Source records
_ _ _ _ _ _ _

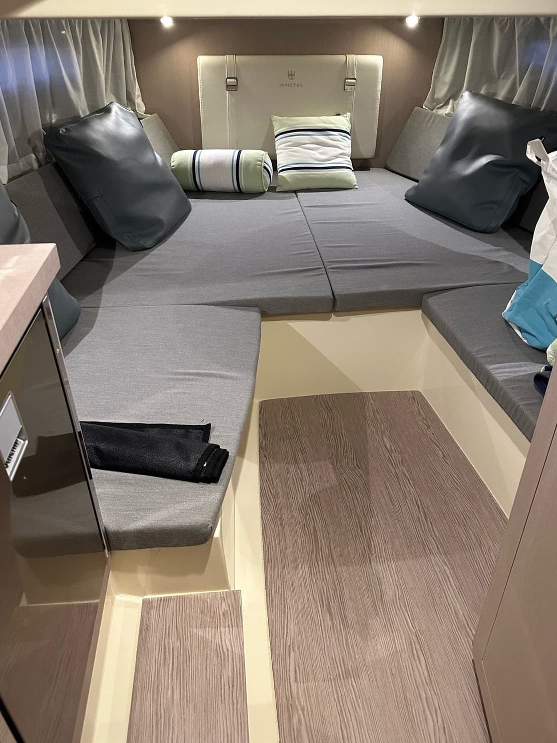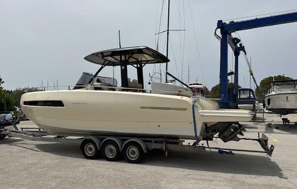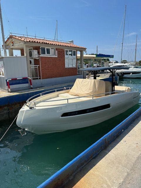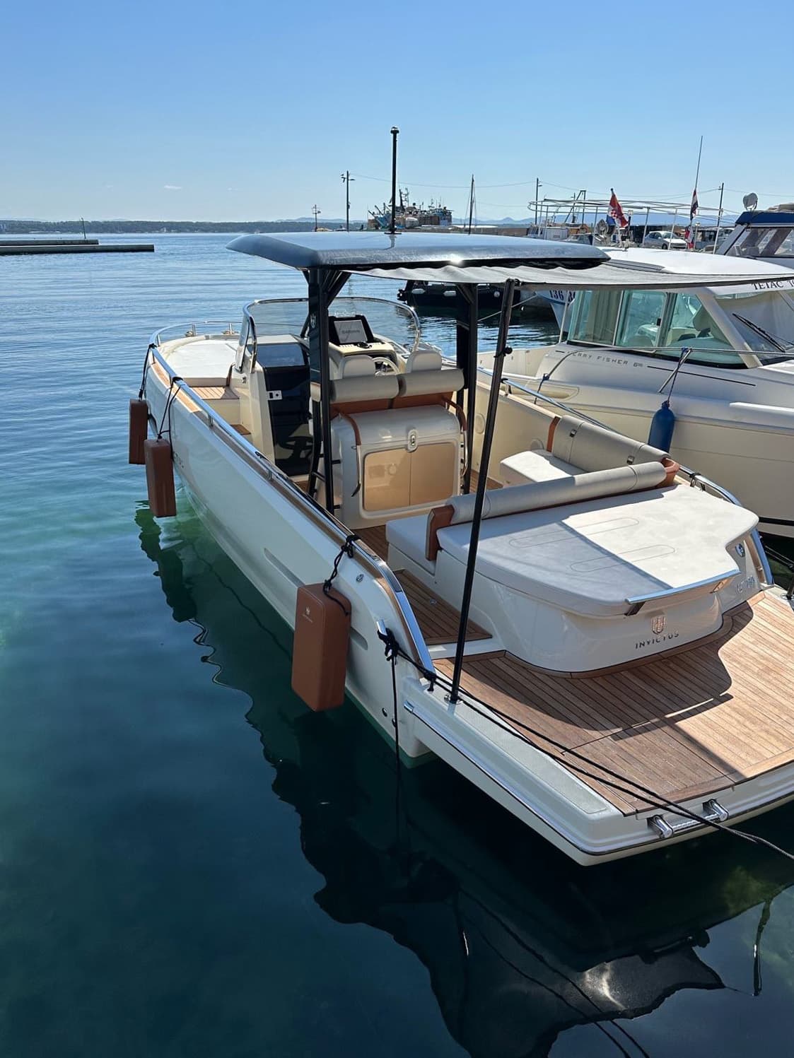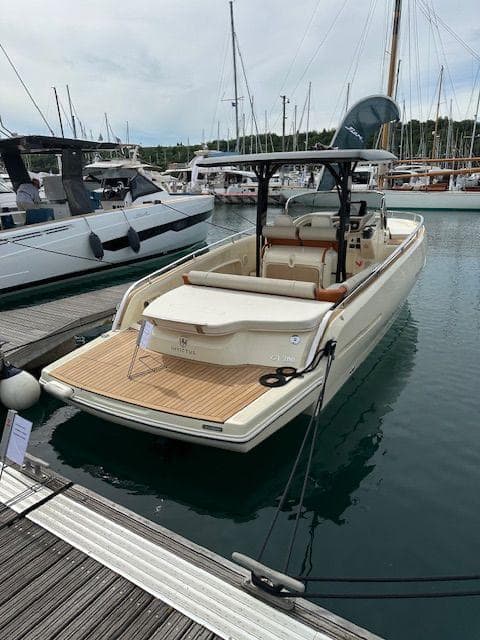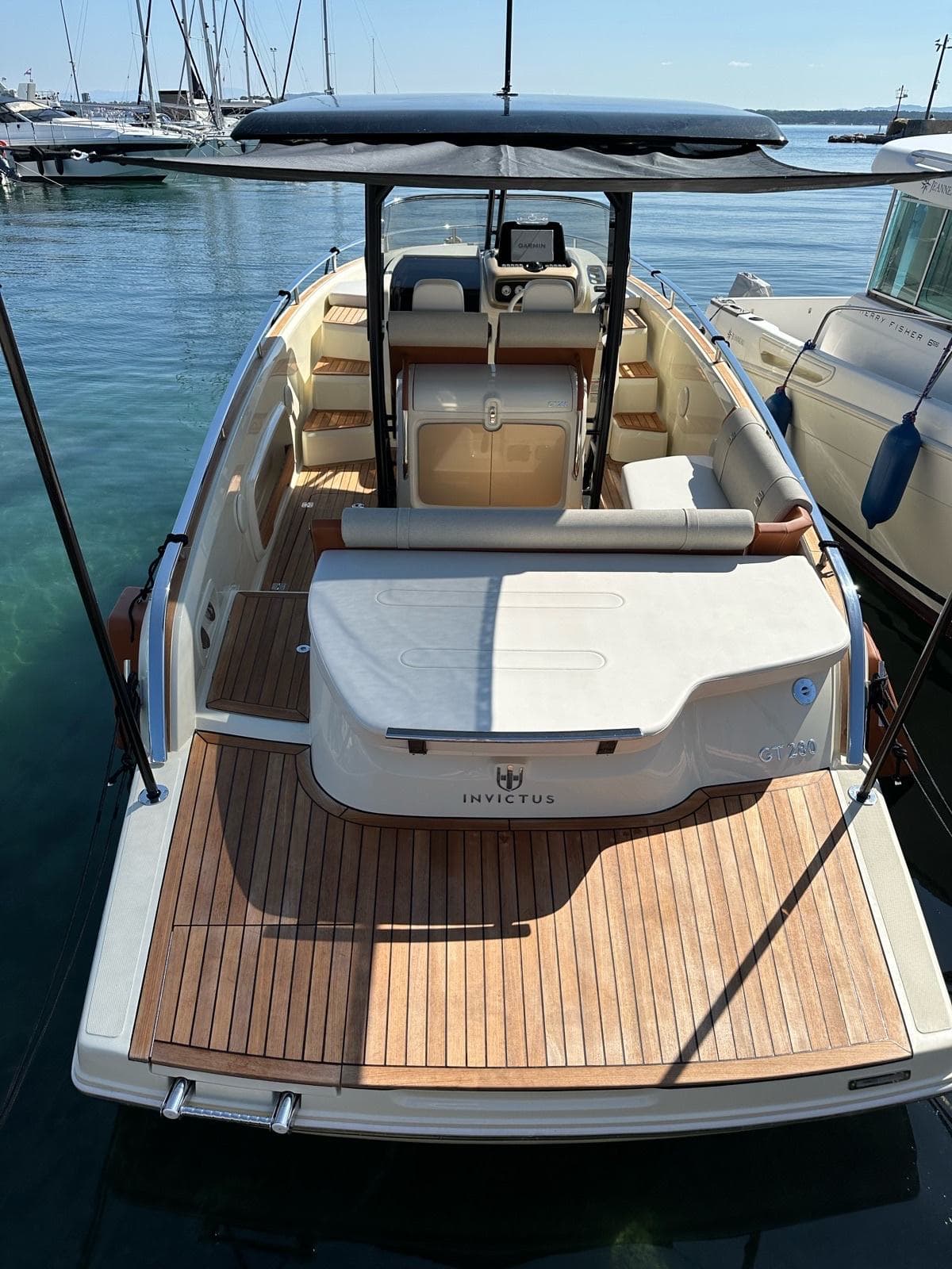 The Invictus GT 280 boasts a distinctive half-reverse bow design by Christian Grande, enhancing stability and comfort. Its sleek profile and attention to detail make it a symbol of luxury, with the color further emphasizing its identity.
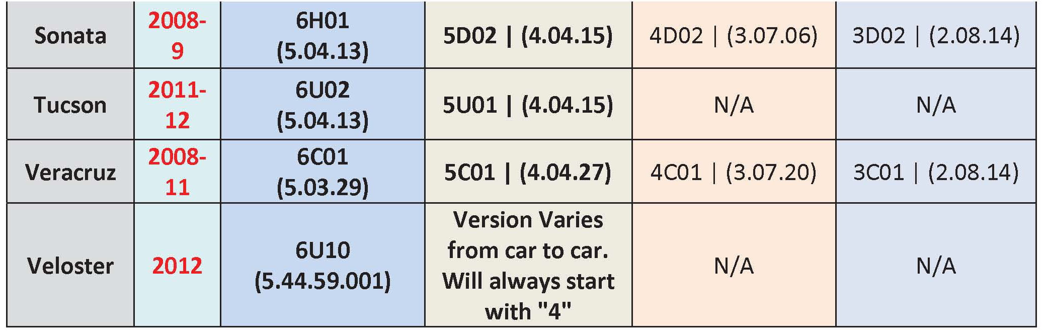 ^ Use the chart below to confirm the proper software before uploading into the vehicles navigation unit:
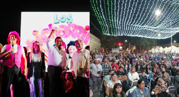 Santa Catarina.- El alcalde de Santa Catarina, Jesús Nava Rivera, y la presidenta del DIF municipal, Paola García Yves, prendieron ayer el Escenario del Pueblo con el show de 'Los Chicharrines' en el Mercado La Atarjea.
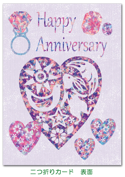 大切な人に贈るグリーティングカード 「ハッピーアニバーサリー」 二つ折り中紙 封筒 3点セット
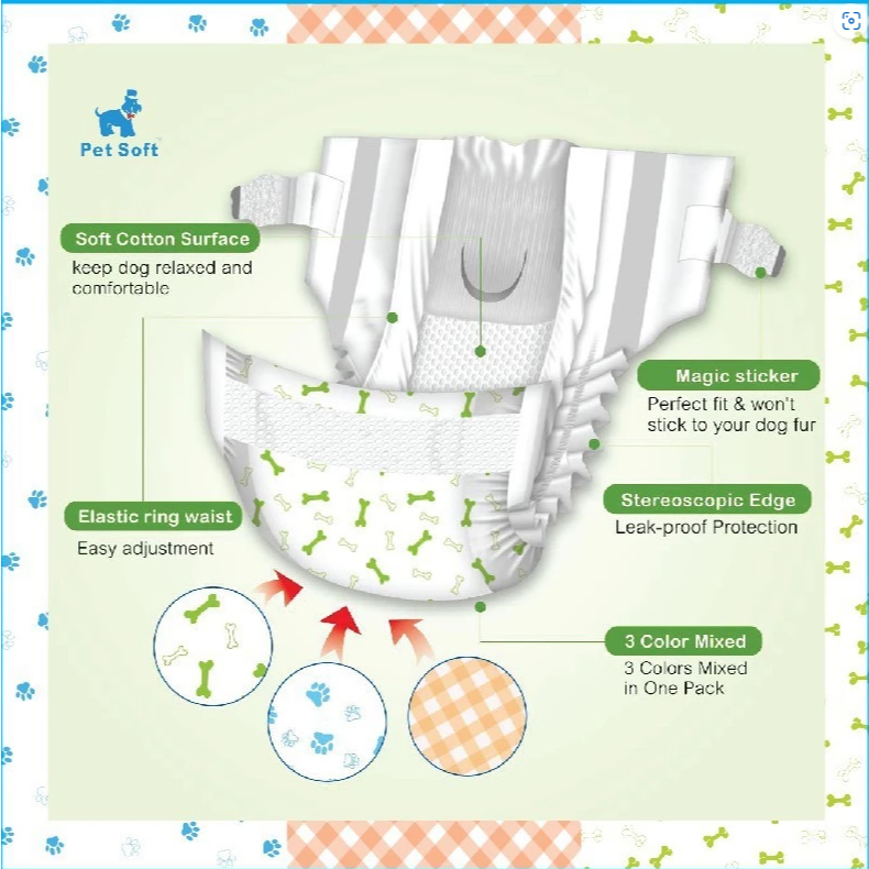 Pet soft แพมเพิสสุนัข เพศเมีย ผ้าอ้อมสัตว์เลี้ยง ซึมซับดีมากตลอดทั้งคืน ขอบยางนุ่ม แพ็ค12ชิ้น
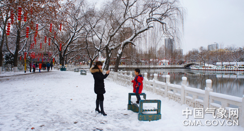 中国气象报通讯员张永勇报道 2月8日晚至9日清晨陕西省宝鸡全市出现了明显的降雪过程,普降大雪,局地暴雪,积雪深度达15厘米。降雪给马年春节增添了祥和的气氛,明显缓解了当前旱情,净化了空气。市民纷纷走进雪的世界,享受雪的快乐。
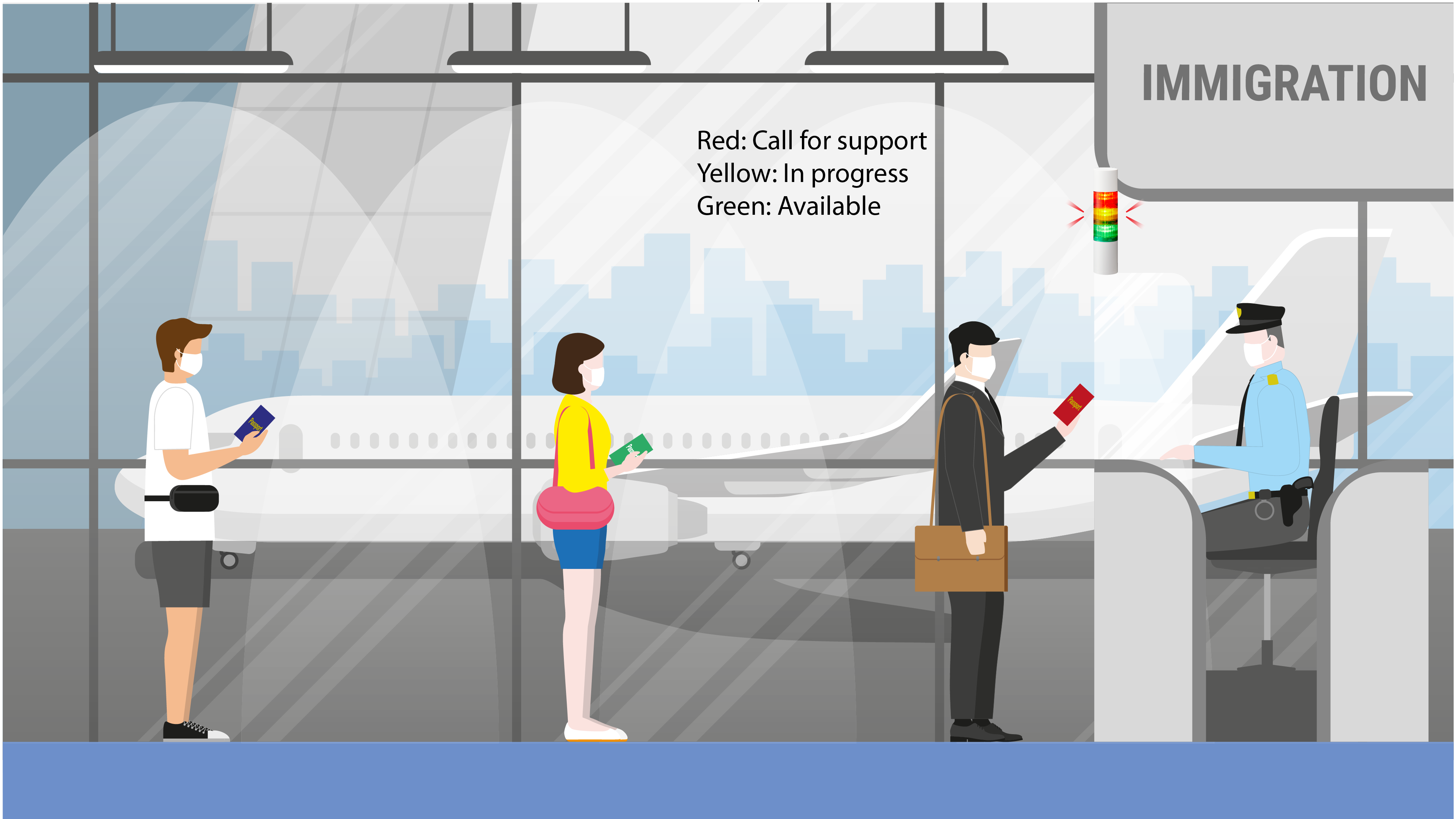 PATLITE’s LR6 Signal Tower Light is installed at each immigration counter to provide a clear visual indication of the officer’s status:
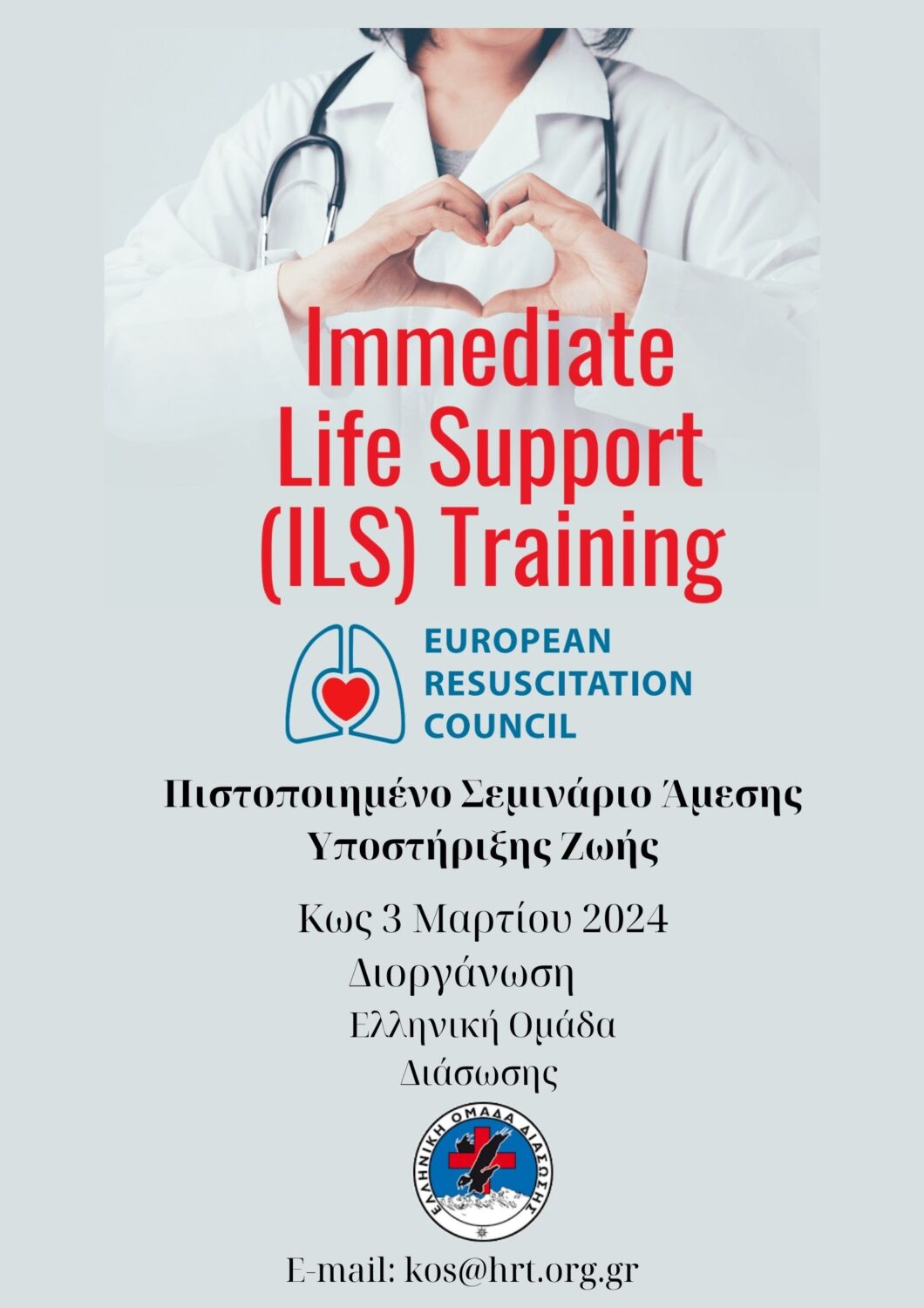 Στα πλαίσια της συνεχούς εκπαίδευσης και πιστοποίησης των μελών η Ελληνική Ομάδα Διάσωσης παράρτημα Βορείου Συγκροτήματος Δωδεκανήσου (ΕΟΔ ΒΣΔ) διοργανώνει πιστοποιημένη εκπαίδευση ILS (IMMEDIATE LIFE SUPPORT) με φορέα πιστοποίησης το ERC.
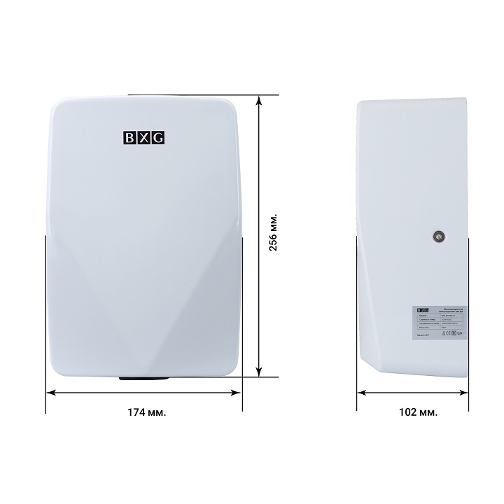 BXG-JET-3500 UV обладает самым высоким классом пылевлагозащиты IP24 (исключено попадание крупнодисперсной пыли а также влаги вовнутрь устройства со всех сторон). Благодаря ИК-датчикам и технологии микропроцессорного управления осуществляется независимый контроль, который предотвращает слишком долгое использование сушилки или использование не по назначению. Прибор оснащён устройством автоматического отключения на случай перегрева, короткого замыкания или скачков напряжения в электросети.
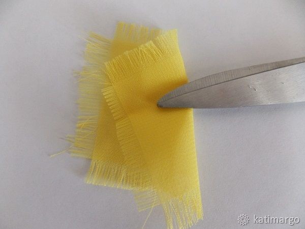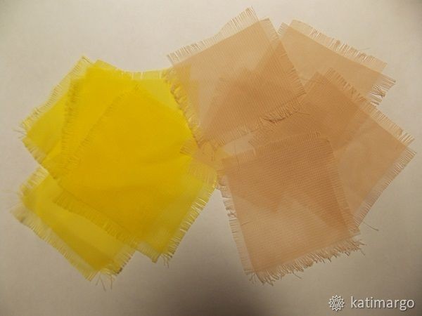 Вырезаем квадраты из шифона и ткани сетки размером примерно 5х5 см. По периметру квадрата у шифона вытягиваем нити и создаем бахрому по краям.
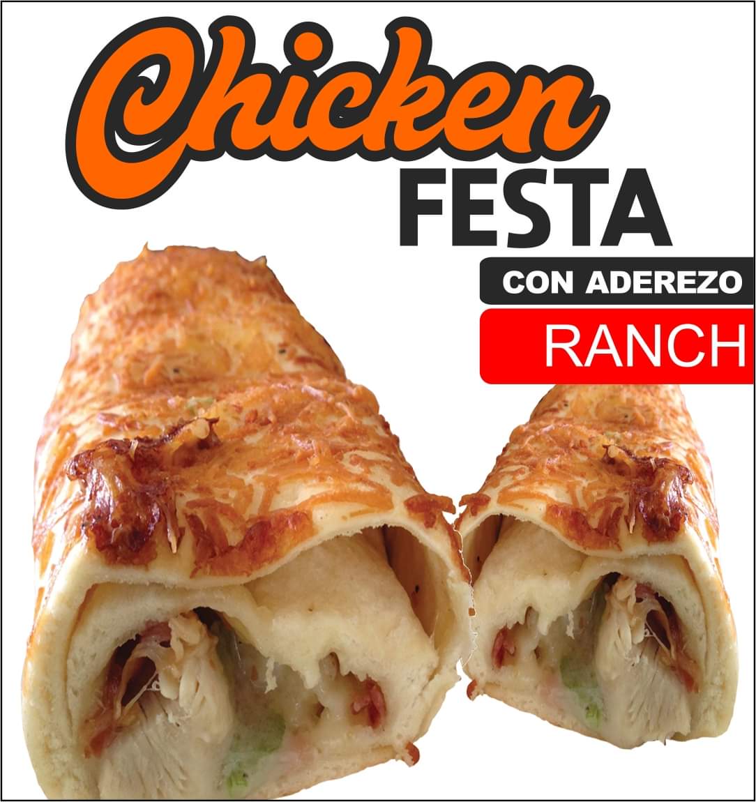 Rico pan horneado con pollo en queso fundido con tocino y morrón. Acompañado con aderezo ranch.

_ _ _ _ _ _ _

**Exercise instructions:** Rewrite the data above exactly as given, but omit the images.

**Answer space:**
 The Invictus GT 280 boasts a distinctive half-reverse bow design by Christian Grande, enhancing stability and comfort. Its sleek profile and attention to detail make it a symbol of luxury, with the color further emphasizing its identity.
 ^ Use the chart below to confirm the proper software before uploading into the vehicles navigation unit:
 Santa Catarina.- El alcalde de Santa Catarina, Jesús Nava Rivera, y la presidenta del DIF municipal, Paola García Yves, prendieron ayer el Escenario del Pueblo con el show de 'Los Chicharrines' en el Mercado La Atarjea.
 大切な人に贈るグリーティングカード 「ハッピーアニバーサリー」 二つ折り中紙 封筒 3点セット
 Pet soft แพมเพิสสุนัข เพศเมีย ผ้าอ้อมสัตว์เลี้ยง ซึมซับดีมากตลอดทั้งคืน ขอบยางนุ่ม แพ็ค12ชิ้น
 中国气象报通讯员张永勇报道 2月8日晚至9日清晨陕西省宝鸡全市出现了明显的降雪过程,普降大雪,局地暴雪,积雪深度达15厘米。降雪给马年春节增添了祥和的气氛,明显缓解了当前旱情,净化了空气。市民纷纷走进雪的世界,享受雪的快乐。
 PATLITE’s LR6 Signal Tower Light is installed at each immigration counter to provide a clear visual indication of the officer’s status:
 Στα πλαίσια της συνεχούς εκπαίδευσης και πιστοποίησης των μελών η Ελληνική Ομάδα Διάσωσης παράρτημα Βορείου Συγκροτήματος Δωδεκανήσου (ΕΟΔ ΒΣΔ) διοργανώνει πιστοποιημένη εκπαίδευση ILS (IMMEDIATE LIFE SUPPORT) με φορέα πιστοποίησης το ERC.
 BXG-JET-3500 UV обладает самым высоким классом пылевлагозащиты IP24 (исключено попадание крупнодисперсной пыли а также влаги вовнутрь устройства со всех сторон). Благодаря ИК-датчикам и технологии микропроцессорного управления осуществляется независимый контроль, который предотвращает слишком долгое использование сушилки или использование не по назначению. Прибор оснащён устройством автоматического отключения на случай перегрева, короткого замыкания или скачков напряжения в электросети.
 Вырезаем квадраты из шифона и ткани сетки размером примерно 5х5 см. По периметру квадрата у шифона вытягиваем нити и создаем бахрому по краям.
 Rico pan horneado con pollo en queso fundido con tocino y morrón. Acompañado con aderezo ranch.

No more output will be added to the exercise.